Quasi certamente il C. giunse a Buenos Aires il 22 ott. 1855, sulla stessa nave in cui viaggiava il patriota chietino colonnello Silvino Olivieri, appena liberato dalle carceri pontificie a condizione che ritornasse in Argentina, per la cui indipendenza aveva combattuto. Nella Legione agricolo-militare formata per incarico del governo argentino allo scopo di costituire, nella zona di Bahia Blanca, l'avamposto verso il Sud della penetrazione bianca in territorio indio e della colonizzazione. agricola, il C. doveva assumere, fin dal suo arrivo, una posizione di primo piano: ebbe, infatti, nel Consiglio di amministrazione il grado di capitano commissario, con il compito di convogliare verso Bahia Blanca uomini e materiali. La nuova colonia veniva chiamata con il nome augurale di Nuova Roma. Dopo la tragica fine dell'Olivieri (29 sett. 1856), il C. diresse l'inchiesta ordinata dal governo argentino e successivamente assunse i poteri civili nella colonia, proponendo per il comando militare un ex commilitone di Garibaldi, dal 1848 comandante della Legione italiana di Montevideo, il colonnello Antonio Susini.

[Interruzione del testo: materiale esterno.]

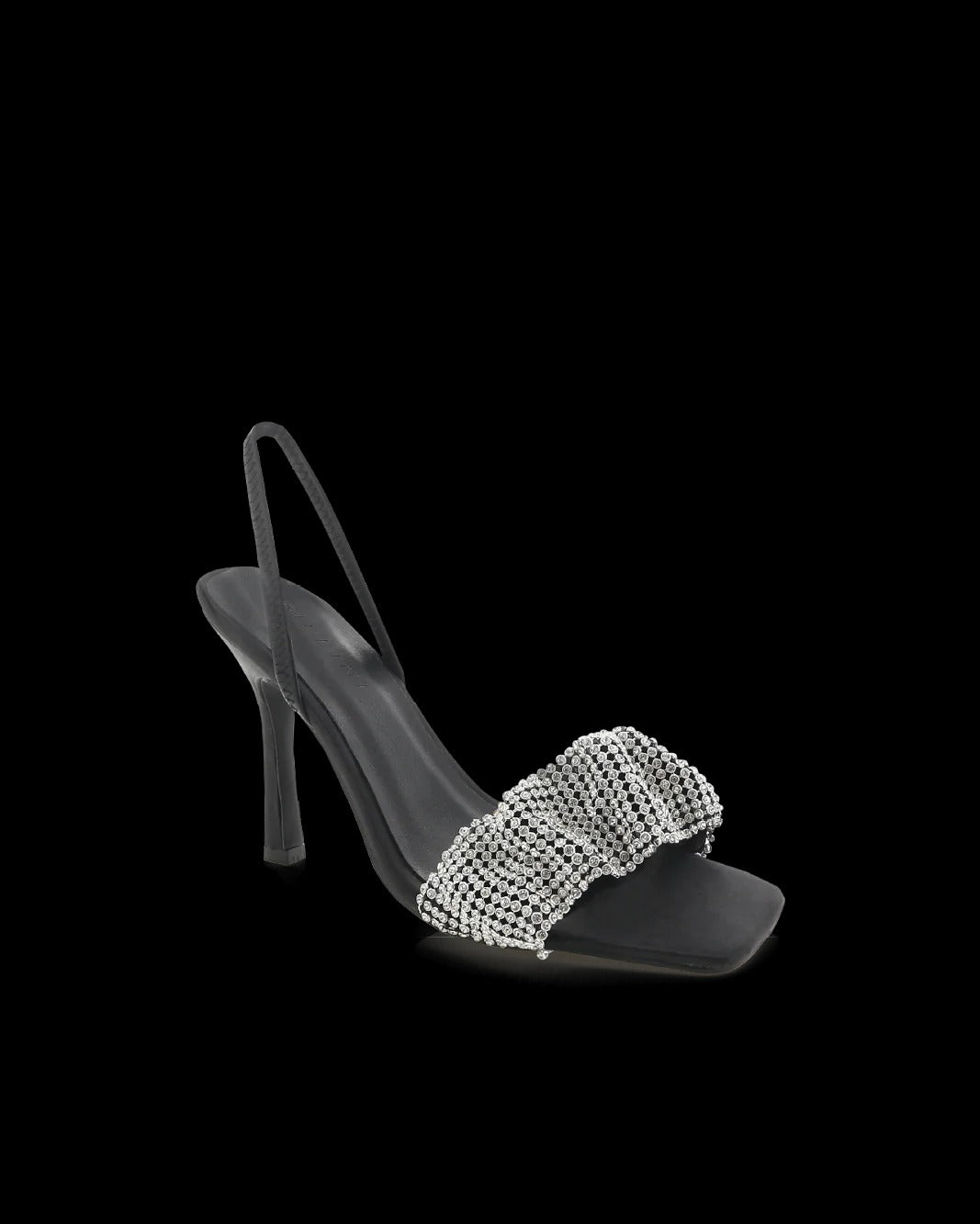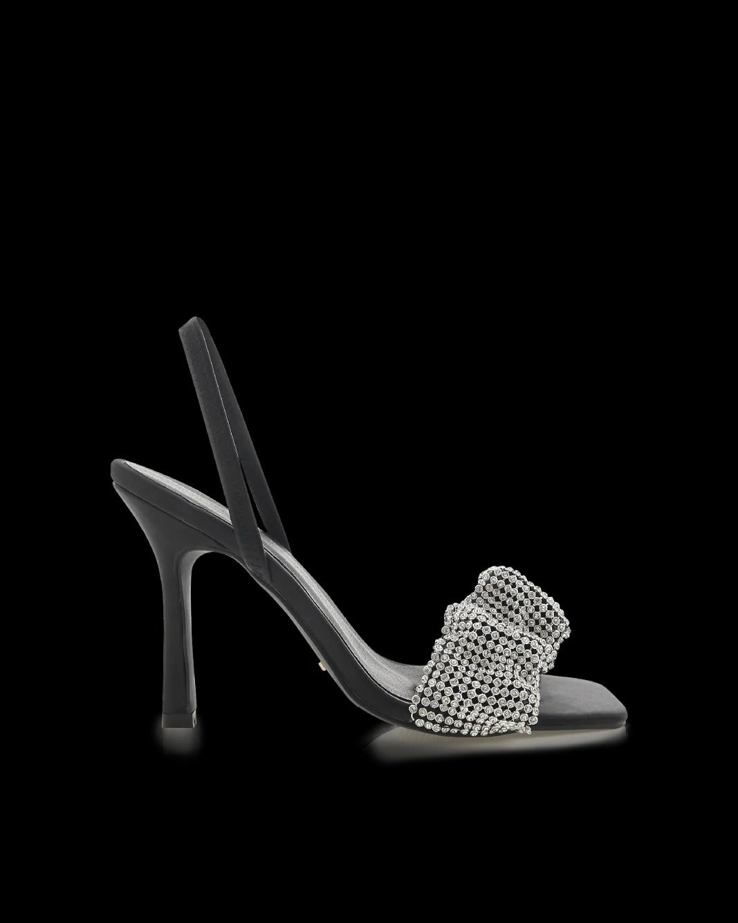 Brandi Heels are a glam sling back stiletto. Take flirty and feminine to the next level with this diamante encrusted scrunchie strap heel.
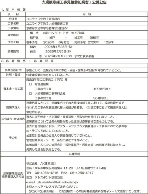 ユニライフ宇治II管理組合は、同住宅大規模修繕工事の見積もり参加希望者を募集する。=右欄に公告
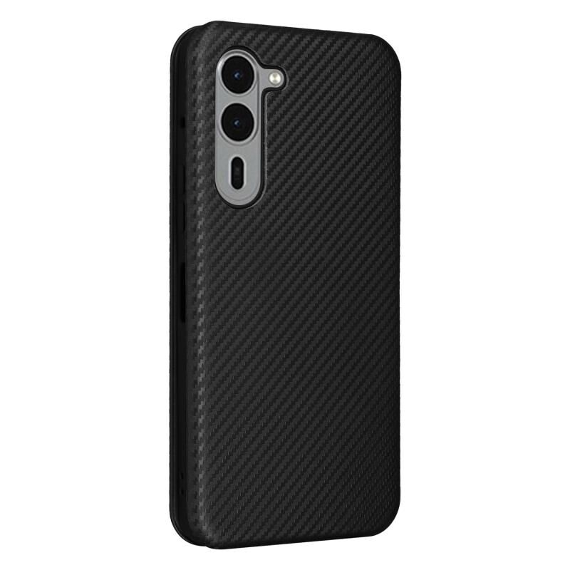 For Fujitsu Arrows F-51E We2 Plus Carbon Fiber Texture Flip Leather Phone Case(Black)
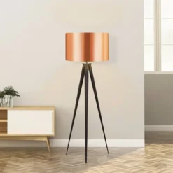 - Black finish over metal construction. White linen fabric drum shade. 8-foot long black cord.
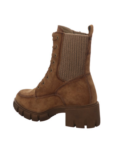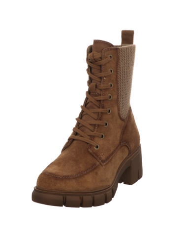 Schnürstiefelette in braunen Rauhleder mit Gummisohle.
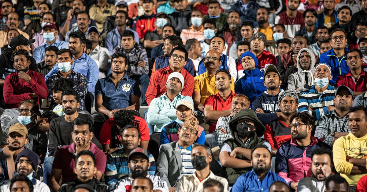 Taking selfies from the stands and sitting on the grassy pitch, thousands of migrant workers gathered in a Doha stadium to watch the opening match of the first World Cup in the Middle East.
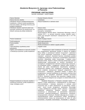 Akademia Muzyczna im. Ignacego Jana Paderewskiego w Poznaniu PROGRAM KSZTAŁCENIA kierunek: wokalistyka – studia II stopnia Nazwa Wydziału Wydział Wokalno-Aktorski Nazwa kierunku studiów Określenie obszaru kształcenia/obszarów kształcenia, z których został wyodrębniony kierunek studiów, dla którego tworzony jest program kształcenia Określenie dziedzin nauki lub sztuki oraz dyscyplin naukowych lub artystycznych, do których odnoszą się efekty kształcenia wokalistyka Obszar kształcenia w zakresie sztuki Poziom kształcenia Obszar sztuki, Dziedzina sztuk muzycznych, Dyscypliny: wokalistyka, Rozporządzenie Ministra Nauki i Szkolnictwa Wyższego z dnia 8 sierpnia 2011 r. w sprawie obszarów wiedzy, dziedzin nauki i sztuki oraz dyscyplin naukowych i artystycznych (Dz. U. Nr 179, poz. 1065). Studia drugiego stopnia Profil kształcenia Forma studiów Język Profil ogólnoakademicki Studia stacjonarne Studia prowadzone w całości w języku polskim Tytuł zawodowy uzyskiwany przez absolwenta Ogólne cele kształcenia na kierunku studiów o określonym poziomie i profilu kształcenia magister sztuki Związek kształcenia na kierunku studiów o określonym poziomie i profilu kształcenia z misją i strategią uczelni Podstawowym celem kształcenia na kierunku wokalistyka jest przygotowanie absolwenta studiów II stopnia do podjęcia pracy solisty w zawodowych teatrach muzycznych i operowych oraz innych instytucjach muzycznych, a także w zawodowych zespołach wokalnych. Absolwent kierunku wokalistyka posiada umiejętności praktyczne i teoretyczne umożliwiające samodzielne tworzenie interpretacji dzieła muzycznego i podjecie pracy śpiewaka-solisty. Studia II stopnia stanowią kontynuację procesu dydaktycznego realizowanego na studiach licencjackich ze szczególnym uwzględnieniem elementu praktycznego zastosowania posiadanej wiedzy i umiejętności. Istotnym celem studiów II stopnia jest pełne ukształtowanie indywidualnej osobowości artystycznej studenta oraz umiejętności grupowego współtworzenia projektów artystycznych będących połączeniem sztuk muzycznych i teatralnych. Absolwent studiów II stopnia jest przygotowany i posiada kwalifikacje do nauczania w zakresie swej specjalności na wszystkich poziomach edukacji muzycznej (A+B+D). Absolwent otrzymuje tytuł zawodowy magistra sztuki, który uprawnia do ubiegania się o przyjęcie na studia doktoranckie - III stopnia. Akademia Muzyczna w Poznaniu prowadzi studia I i II stopnia w trybie stacjonarnym i niestacjonarnym na kierunkach: instrumentalistyka i edukacja artystyczna w zakresie sztuki muzycznej oraz w trybie stacjonarnym na kierunkach: kompozycja i teoria muzyki, dyrygentura, wokalistyka. Równolegle z pracą dydaktyczną prowadzi bardzo aktywną i różnorodną działalność artystyczną. Studenci kierunku wokalistyka uczestniczą w adresowanych do poznańskich melomanów koncertach oratoryjno-kantatowych, kameralnych, chóralnych, kompozytorskich, wokalnych. Recitale odbywają się w Uczelni i w reprezentacyjnych salach koncertowych miasta. Szczególnym zainteresowaniem cieszą się kontynuowane od wielu lat cykle koncertowe: Arcydzieła kameralistyki, Poniedziałki w Akademii, Różnice w stosunku do innych programów o podobnie zdefiniowanych celach i efektach kształcenia prowadzonych na uczelni Pedagodzy i studenci, Wtorki wokalne, Musica Sacra, Letnie koncerty ratuszowe, Festiwal Mozartowski, coroczna gala operowa dla Towarzystwa Przyjaciół Wilna, cykliczne koncerty wokalne w Muzeum F. Nowowiejskiego w Willi wśród Róż, przedstawienia operowe, koncerty w Pałacu Działyńskich i Pałacu w Kórniku. Jedną z najważniejszych sfer aktywności Akademii Muzycznej im. I. J. Paderewskiego stanowi współpraca międzynarodowa, a formy kontaktów z zagranicą mają charakter wielokierunkowy i komplementarny. Umożliwiają one wymianę artystyczną, naukową oraz pedagogiczną pracowników i studentów w oparciu o umowy dwustronne pomiędzy uczelniami. Realizując umowę zawartą z Agencją Narodową FRSE z siedzibą w Warszawie, Akademia Muzyczna im. I. J. Paderewskiego umożliwia wymianę pracowników oraz studentów z uczelniami partnerskimi w Europie w ramach programu Erasmus Współpraca artystyczna, naukowa i dydaktyczna na kierunku wokalistyka realizowana jest w takich formach działania, jak: – występy gościnne (w Poznaniu) pedagogów, studentów i zespołów muzycznych z uczelni zagranicznych; – koncerty pedagogów, studentów i zespołów muzycznych za granicą; – wyjazdy studentów do uczelni zagranicznych w celu realizowania programu edukacyjnego; – przyjmowanie studentów z uczelni zagranicznych na studia w poznańskiej Uczelni; – prowadzenie kursów, klas mistrzowskich, konferencji, seminariów, warsztatów i wykładów Reasumując, pedagodzy i studenci kierunku wokalistyka aktywnie uczestniczą w życiu kulturalnym i naukowym miasta, Wielkopolski i kraju. Prowadzą działalność koncertową i nagraniową, badania naukowe. Współpracują z licznymi uczelniami zagranicznymi. O randze oraz prestiżu kierunku świadczą laury studentów i absolwentów na konkursach krajowych i zagranicznych oraz zaproszenia pedagogów do prowadzenia kursów mistrzowskich oraz prac jury międzynarodowych konkursów wokalnych. Kierunek wokalistyka zorientowany jest na wykształcenie profesjonalnego śpiewaka solisty i aktora scen muzycznych. Z tego założenia wynikają różnice w stosunku do innych kierunków prowadzonych w Akademii Muzycznej. Jest to jedyny kierunek na uczelni, na którym oprócz predyspozycji ogólnomuzycznych rozwijanych podczas studiów, główny nacisk położony jest na kształtowanie naturalnego, własnego instrumentarium jakim jest głos ludzki, zarówno jeśli chodzi o jego strukturę i budowę, jak i umiejętności techniczne. Kształtowanie osobowości artystycznej śpiewaka jest również bardzo zindywidualizowane i znacznie odbiega od innych kierunków prowadzon
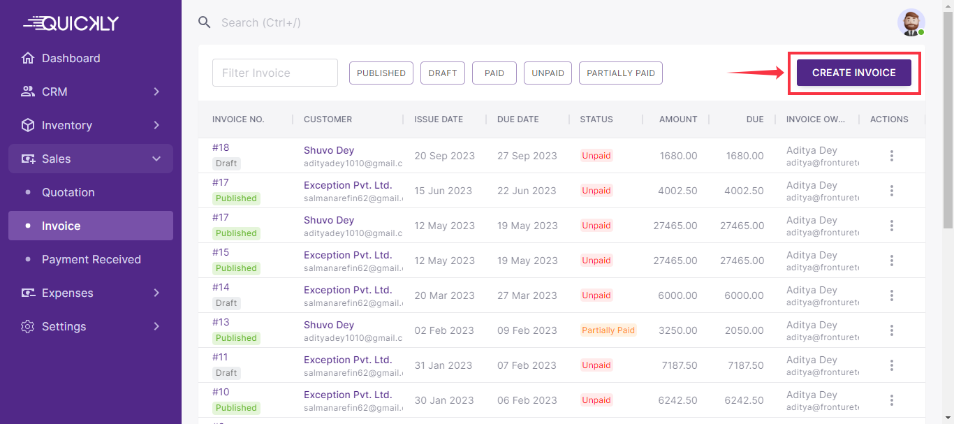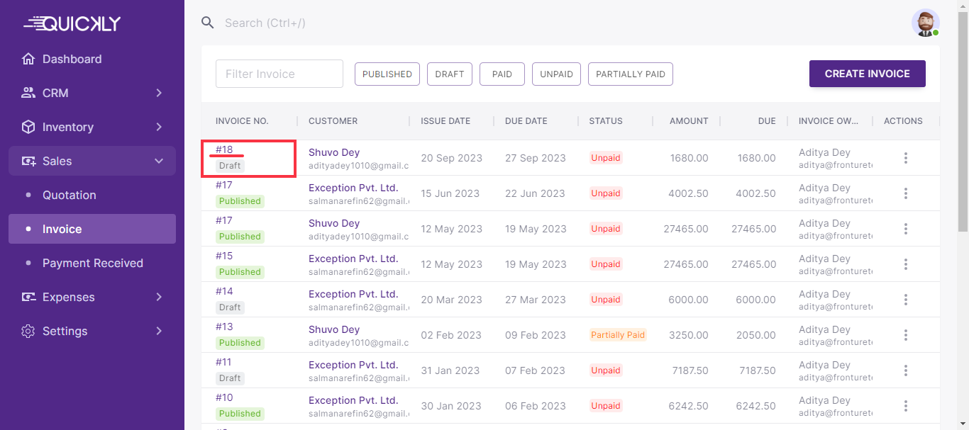 All the created invoices can be viewed on the Invoice page under the Sales section. -
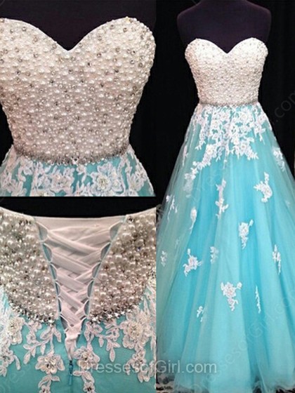 A-line Sweetheart Tulle Floor-length Beading Prom Dresses na
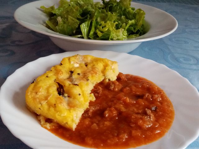 Goveji golaž, zapečena polenta z zelišči; zelena solata

Il C., con il grado di maggiore dell'esercito, promosse nella colonia una febbrile attività di sviluppo che spaziò dal campo edilizio (costruzione del molo, di una chiesa, della scuola, del poligono di tiro, di ponti, ecc.) a quello topografico e geografico (rilievi dei confini del dipartimento di Bahia Blanca e dell'altopiano della Sierra de las Ventanas, al tracciato della prima ferrovia per Buenos Aires), da quello meteorologico a quello agricolo e forestale (introduzione, per es., del pino marittimo). Anche in campo militare, nel maggio 1859, collaborando con il Susini, riuscì a respingere un attacco improvviso a Bahia Blanca effettuato da una banda di tremila indios. Fu socio di numerose istituzioni scientifiche, particolarmente argentine ed italiane, fra cui la Società geografica italiana e la Società meteorologica italiana, e rivestì anche la carica onorifica di agente consolare d'Italia.

Dalle sue nozze con Adele Casati nacquero tre figli, Juan, Felipe e Luis, quest'ultimo fu alto ufficiale dell'esercito argentino, giornalista e deputato.

Il C. morì a Bahia Blanca il 16 ott. 1883.